Only one stretch of the data below is needed: the line with "여성용 플러스 사이즈" through the last line. Output it exactly and drop the pictures.

┌─ EXTRACTED RECORDS

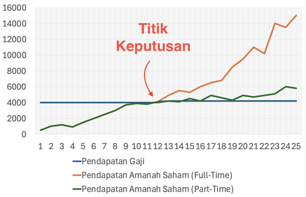 Kami ada sediakan roadmap bagi setiap ejen berdaftar untuk bergerak dari Dual Income (Gaji + Part Time) kearah Solid Income (Full-time Amanah Saham) dimana setiap ejen akan melalui satu fasa Turning Point (Titik Keputusan) untuk bergerak dari part-time ke full-time.
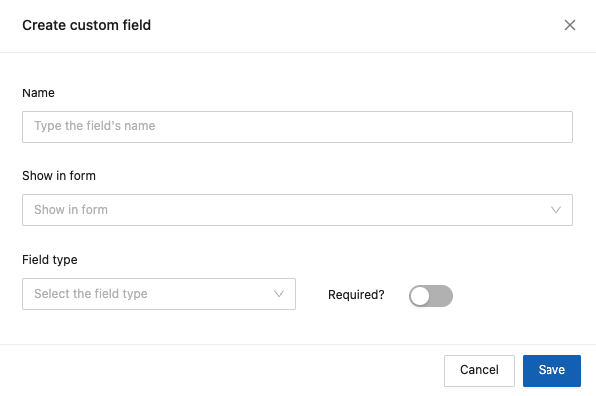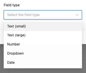 * **Field type**: Specify the input type for the field. Select one of the available options: Text (Small), Text (Large), Number, Dropdown, or Date.
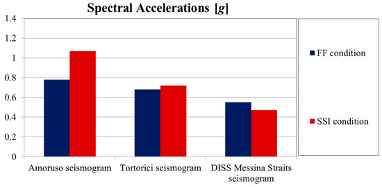 The results obtained adopting the DISS Messina Straits seismogram (Figure 16c) show a spectral acceleration Se(TSTRU)FF = 0.55 g for the FF condition and Se(TSTRU)SSI = 0.47 g for the SSI condition. Therefore, in this case, the SSI has a beneficial effect. Figure 17 summarizes the values of spectral acceleration for the period of the structure using as input the three 1908 seismograms.
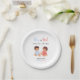 These playful paper plates feature a sweet baby boy in blue and baby girl in pink, both with pacifiers and adorable outfits. The girl wears a pink bow while the boy is dressed in a matching romper. A charming and cheerful addition to your gender reveal table setting.
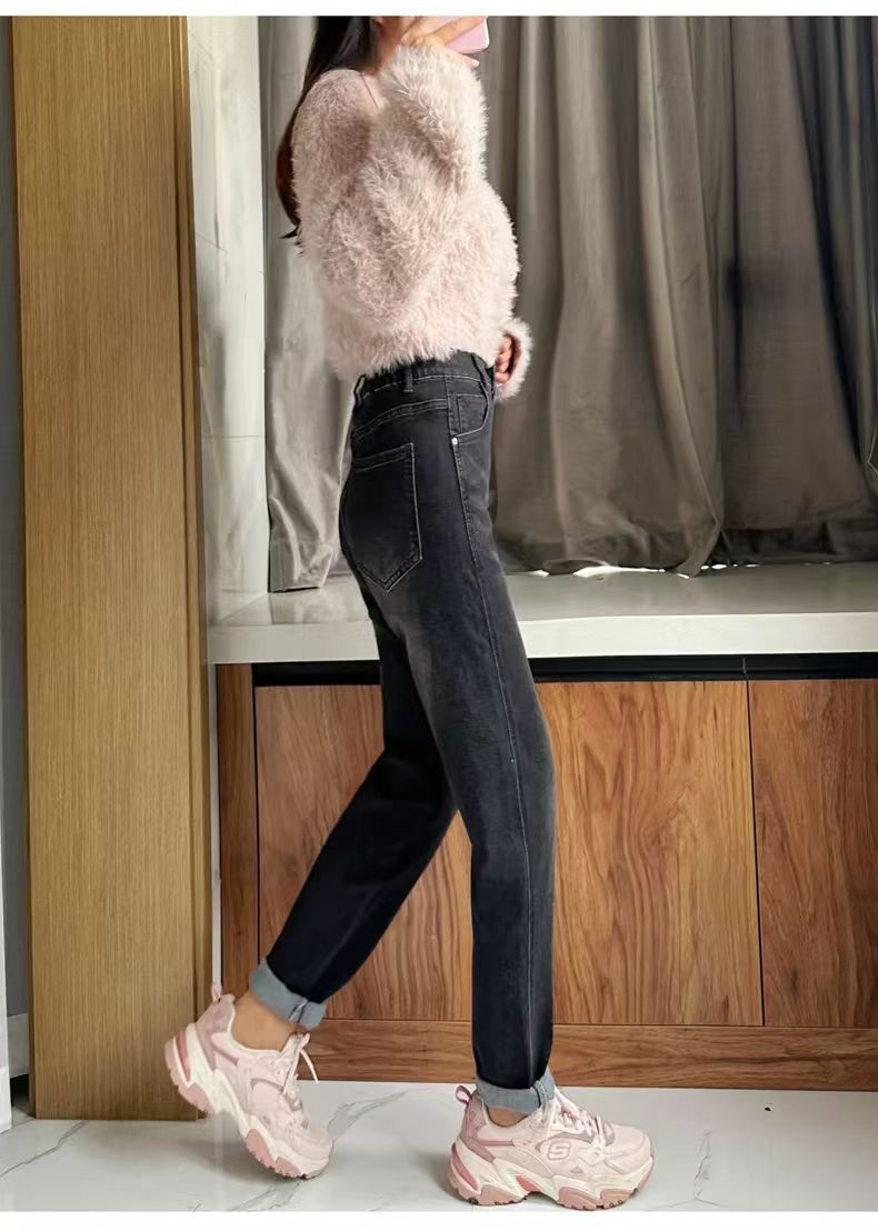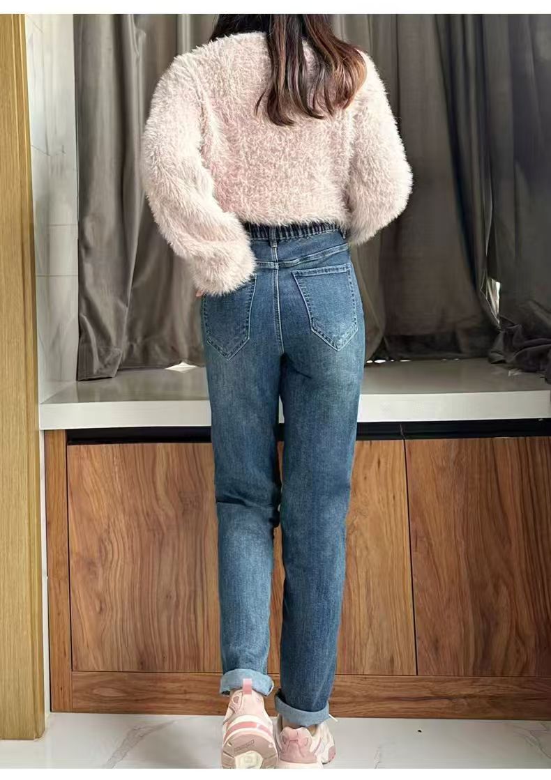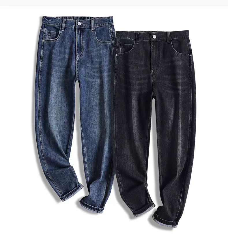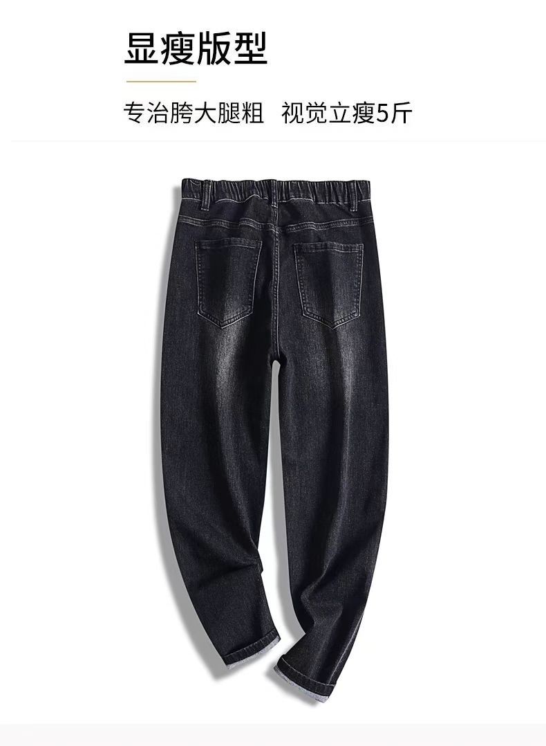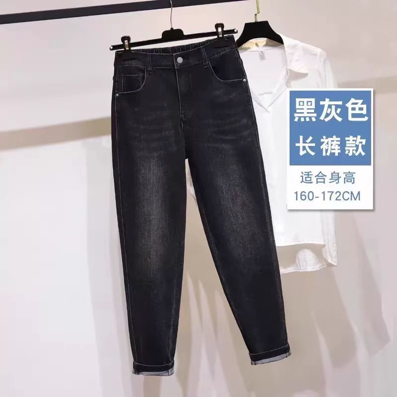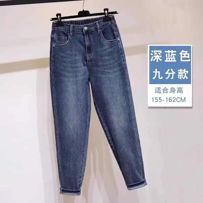 여성용 플러스 사이즈 청바지 봄, 가을 하이웨이스트 뚱뚱한 여성용 100kg 루즈하고 슬리밍한 배 모양의 하렘 팬츠 통기성스토어 가기
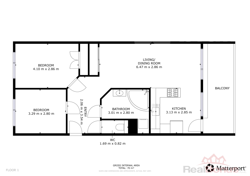 Po vstupu do bytu vás přivítá prostorná chodba, z níž je vlevo vstup do dvou neprůchozích pokojů.
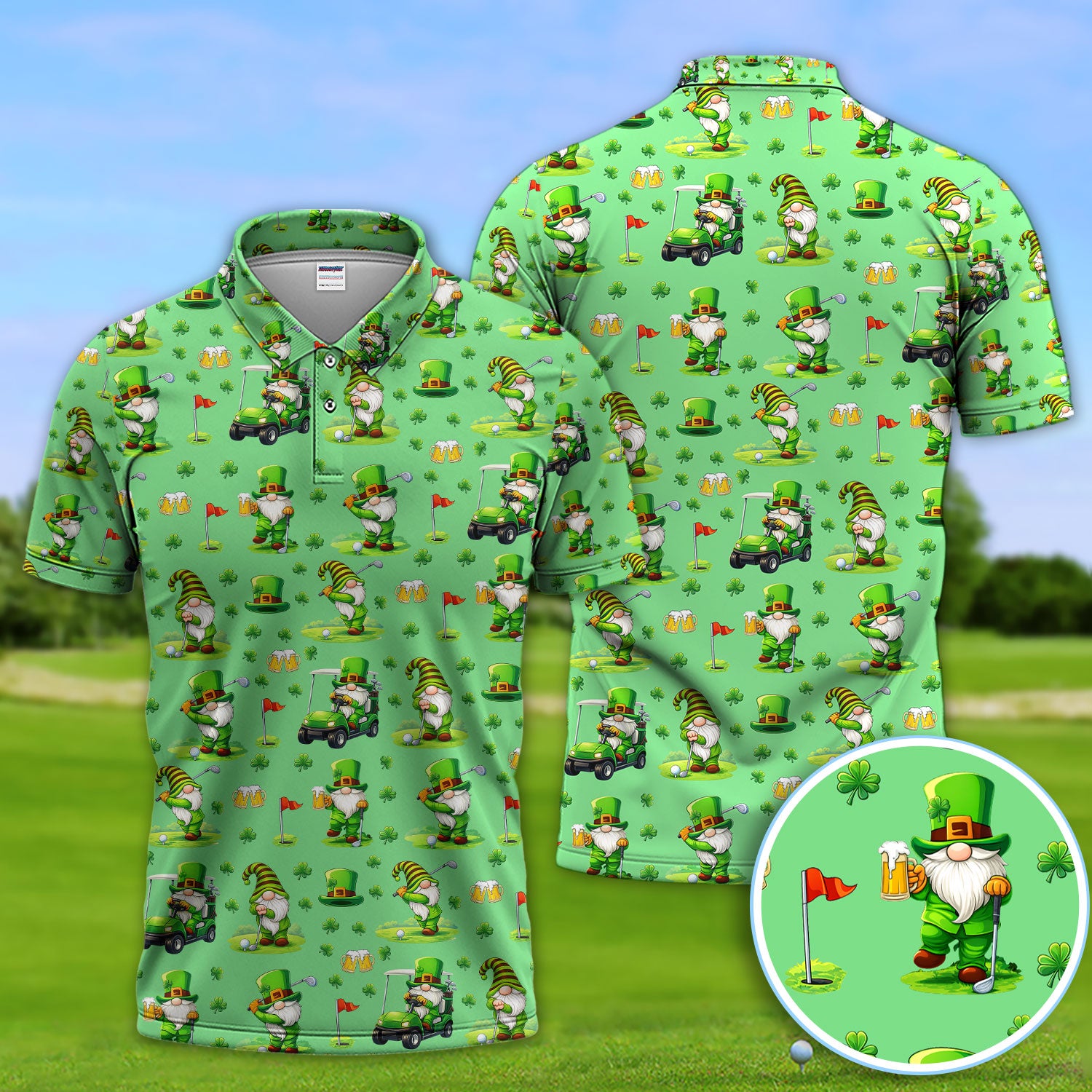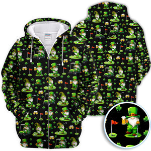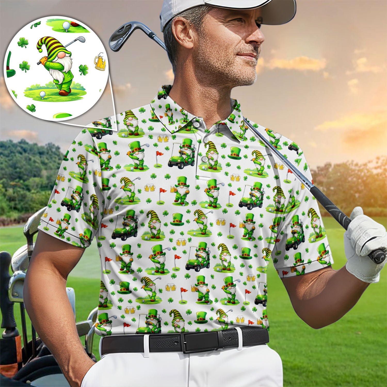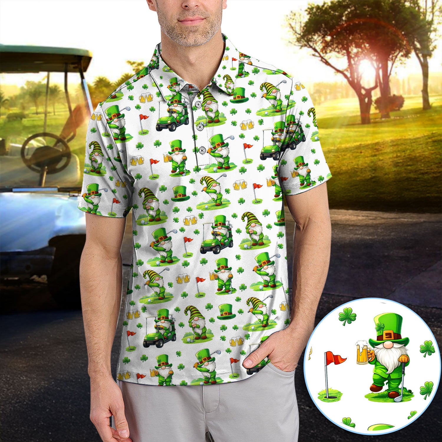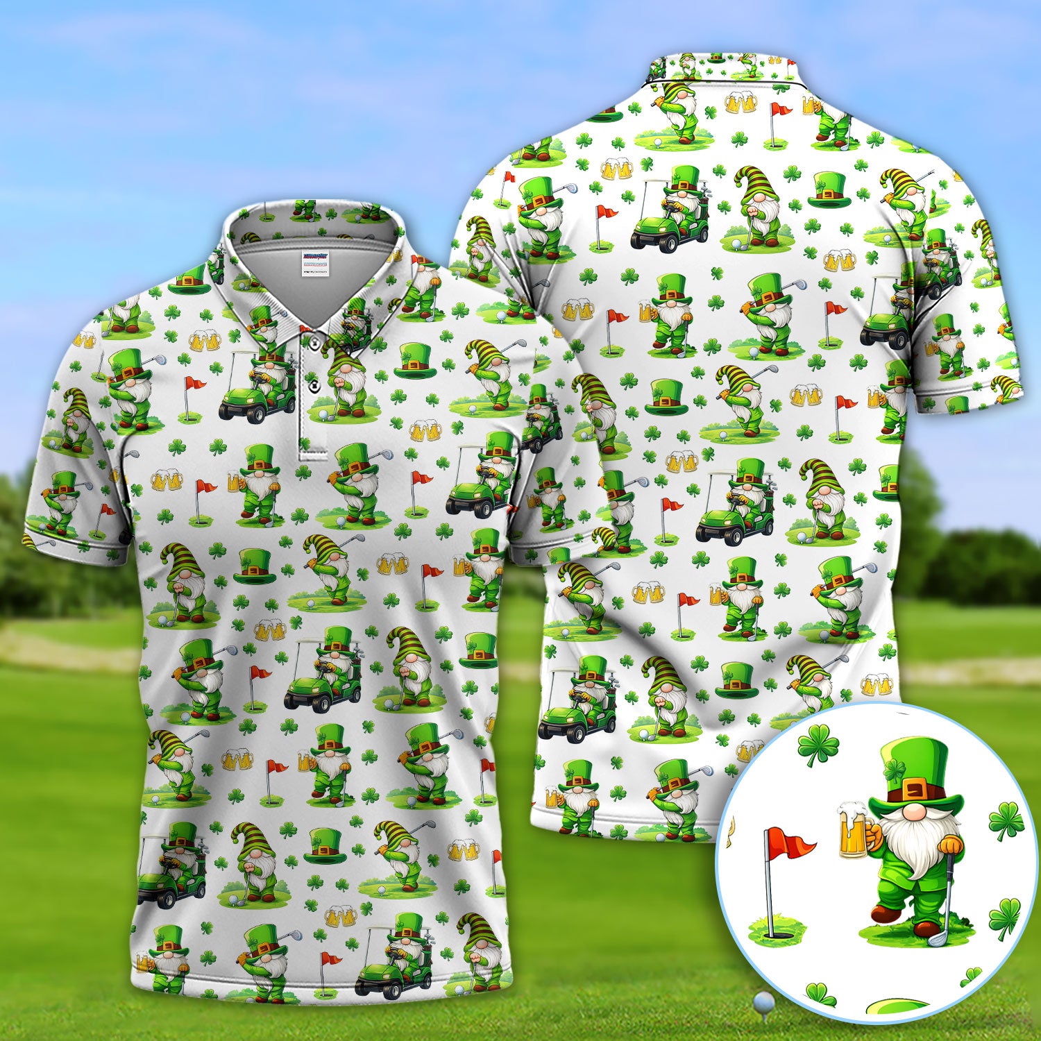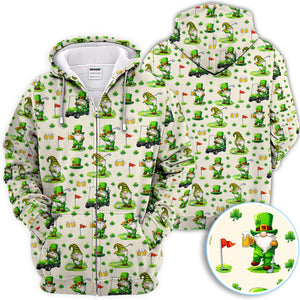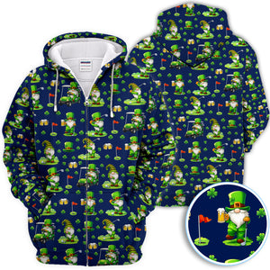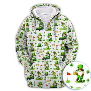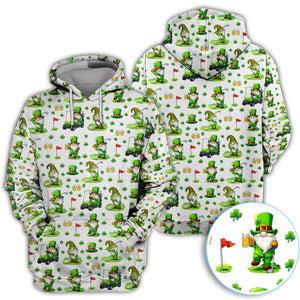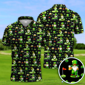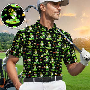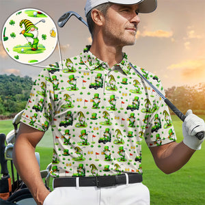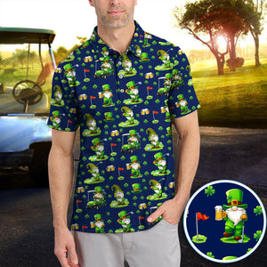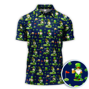 Crazy St. Patrick’s Day Pattern Golf Polos, Leprechaun Golf Shirt For Men, Funny Golf Gift For Golfer

└─

- _PROBLEM SOLUTION_
 여성용 플러스 사이즈 청바지 봄, 가을 하이웨이스트 뚱뚱한 여성용 100kg 루즈하고 슬리밍한 배 모양의 하렘 팬츠 통기성스토어 가기
 Po vstupu do bytu vás přivítá prostorná chodba, z níž je vlevo vstup do dvou neprůchozích pokojů.
 Crazy St. Patrick’s Day Pattern Golf Polos, Leprechaun Golf Shirt For Men, Funny Golf Gift For Golfer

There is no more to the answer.